In FIGS. 2-4, block diagrams illustrate storing and updating of host objects on a storage compute device 200 according to an example embodiment. A host 202 communicates via a host interface (not shown) with an object storage component 204 of the storage compute device 200. In this example, the host 202 is sending to the object storage component 204 a command 206 to store a matrix data object. The command 206 includes metadata 206 a and data 206 b of the stored object. In this example, the metadata 206 a may include an identifier (e.g., “Matrix A”), a description of the size of the matrix, etc. The data 206 may include a data structure (e.g., delimited list, packed array) that includes values of at least some of the matrix entries.

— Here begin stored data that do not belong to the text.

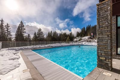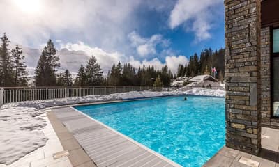 Tout simplement la plus belle vue sur le massif du Mont Blanc ! Voilà ce qui vous attend dans cette résidence premium située à 15 minutes à pied du centre de Flaine ! Ouvrez les yeux et respirez un grand coup ! Vous êtes au cœur des Alpes, à 2 500 mètres d’altitude. Le panorama est à 360° sur les massifs du Mont Blanc, des Aravis, de Belledonne et du Jura. Rien que ça ! Flaine n’est peut-être pas la plus belle station qui soit, mais l’endroit est carrément magique si vous aimez skier, marcher ou faire de la randonnée ! La résidence les Terrasses d’Eos se situe dans le haut de la station, dans un cadre magnifique. Les deux grandes bâtisses à l’architecture traditionnelle en pierre et bardage de bois sont nichées dans un écrin de verdure. Devant vos yeux émerveillés, le spectacle est majestueux, entre vallée préservée et montagnes couvertes d’épicéas ! Et ce n’est pas tout ! Les parties communes sont aussi chaleureuses que colorées et l’accueil extrêmement attentionné. Vous rêvez d’un nid douillet avec vue sur les sommets ? Banco ! Les apparts sont spacieux et lumineux, et leur grande baie vitrée s’ouvre sur un balcon aménagé. Le ski est bien sûr le sport roi, avec les pistes juste à côté, mais l’endroit vous propose mille et une autres activités. Notamment un pass disponible en juillet et août pour savourer pleinement la montagne en été. Le top pour occuper vos bouts de chou pendant que vous profiterez de la piscine extérieure chauffée !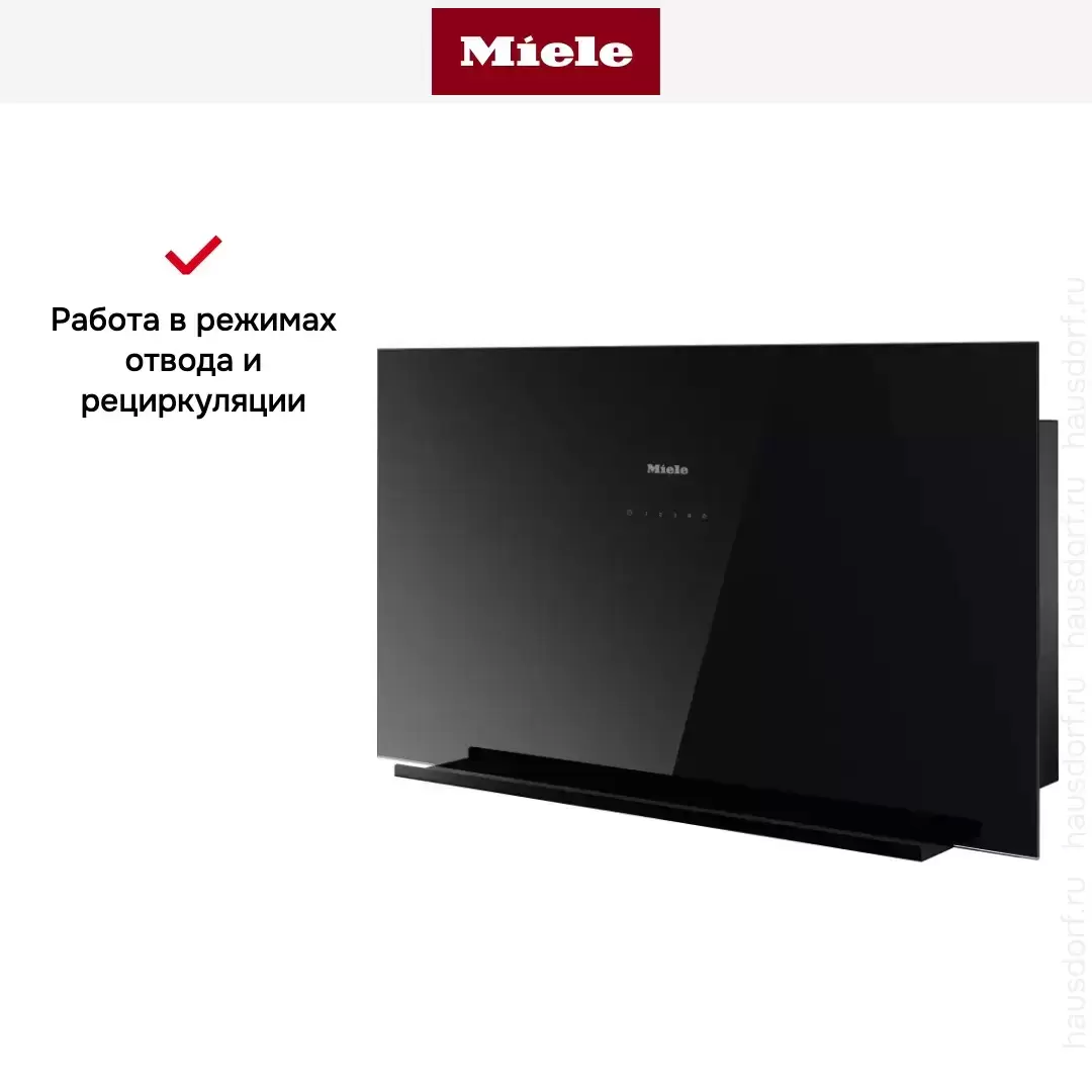 Con@ctivity 3.0 — Bluetooth-связь с индукционной или газовой плитой Miele. При включении плиты вытяжка запускается автоматически, при изменении мощности конфорок подстраивает скорость. RunOnTime — вытяжка работает 5-15 минут после выключения плиты. Interval Ventilation — автоматическое проветривание кухни раз в час для свежего воздуха.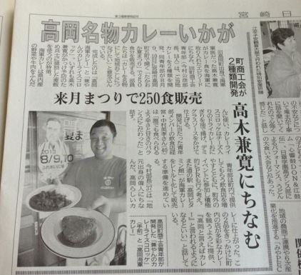 7/19付宮日新聞で紹介されました、「高岡海軍カレー」と「兼やんのカレーライスコロッケ」を8月9日~10日に開催される”たかおか夏まつり”で限定販売します!お楽しみに!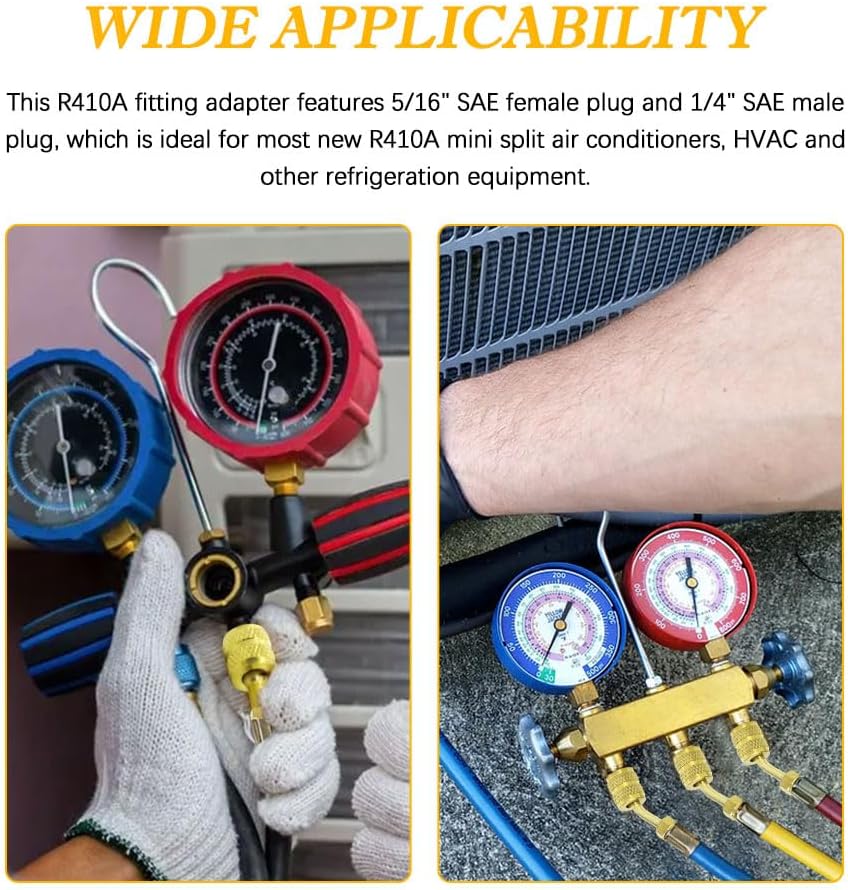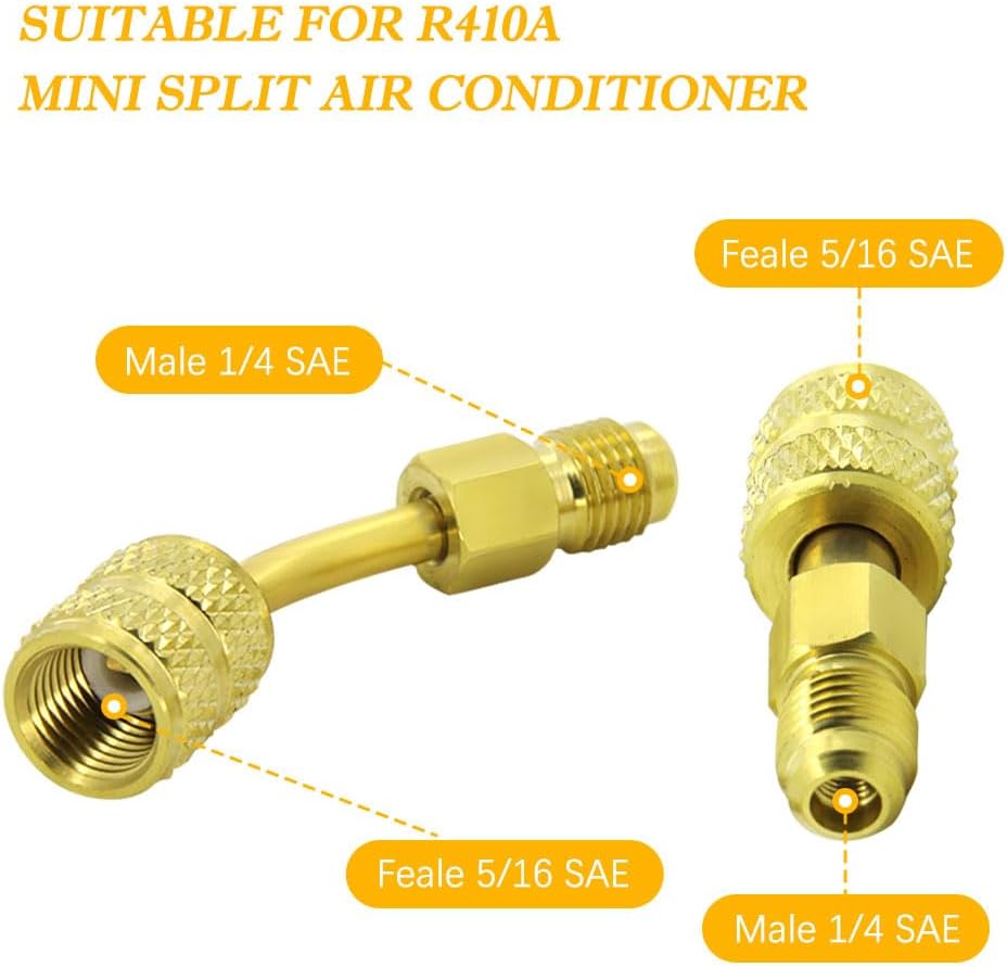 • Specifications: The air conditioner adapters have 5/16" SAE female plug and 1/4" SAE male plug whcih are most compatible for most R410A mini split air conditioners, HVAC and other refrigeration equipment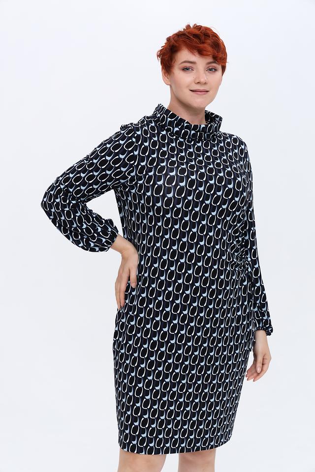 Модель имеет прямой силуэт, длину до колена и длинные рукава с небольшими сборками у манжет. Высокий воротник-стойка добавляет образу изысканности. Платье выполнено из качественной вискозы с добавлением эластана, что обеспечивает приятные тактильные ощущения и хорошую посадку по фигуре.

The matrix may be stored in a compressed format. For example, if the matrix is sparse (mostly zeros) a compressed format may only describes a subset of the entries, and the rest of the entries are assumed to be zero. A number of compressed matrix formats are known in the art.
As seen in FIG. 2, the command 206 results in the data 206 b being stored in a primary storage unit 208 (e.g., mass storage unit). In this example, the data 206 b is not significantly changed before storage, although in some cases the object storage component 204 may change the data, such as by removing delimiters, further compression, etc. A changed version of the metadata 206 c is stored in a database 210. The database 210 may part of the storage unit 208, e.g., a reserved file or partition, or may be a separate storage device. Generally, the object storage component 204 adds additional data to the host-supplied metadata 206 a to form the changed metadata 206 c. The additional data may include internal identifiers, start address of the storage unit 208 where the data 206 b can be found, size of the data 206 b, version, etc.
The versioning data within the metadata 206 c will be of interest to an object versioning component 212. The object versioning component 212 may receive a communication, as indicated by dashed line 214, when the object is created, or at least when the object is changed. In one configuration, the objects may receive a default initial revision upon creation, and the object versioning component 212 may only need to track versions after updates occur. An example of updating the illustrated matrix is shown in FIG. 3.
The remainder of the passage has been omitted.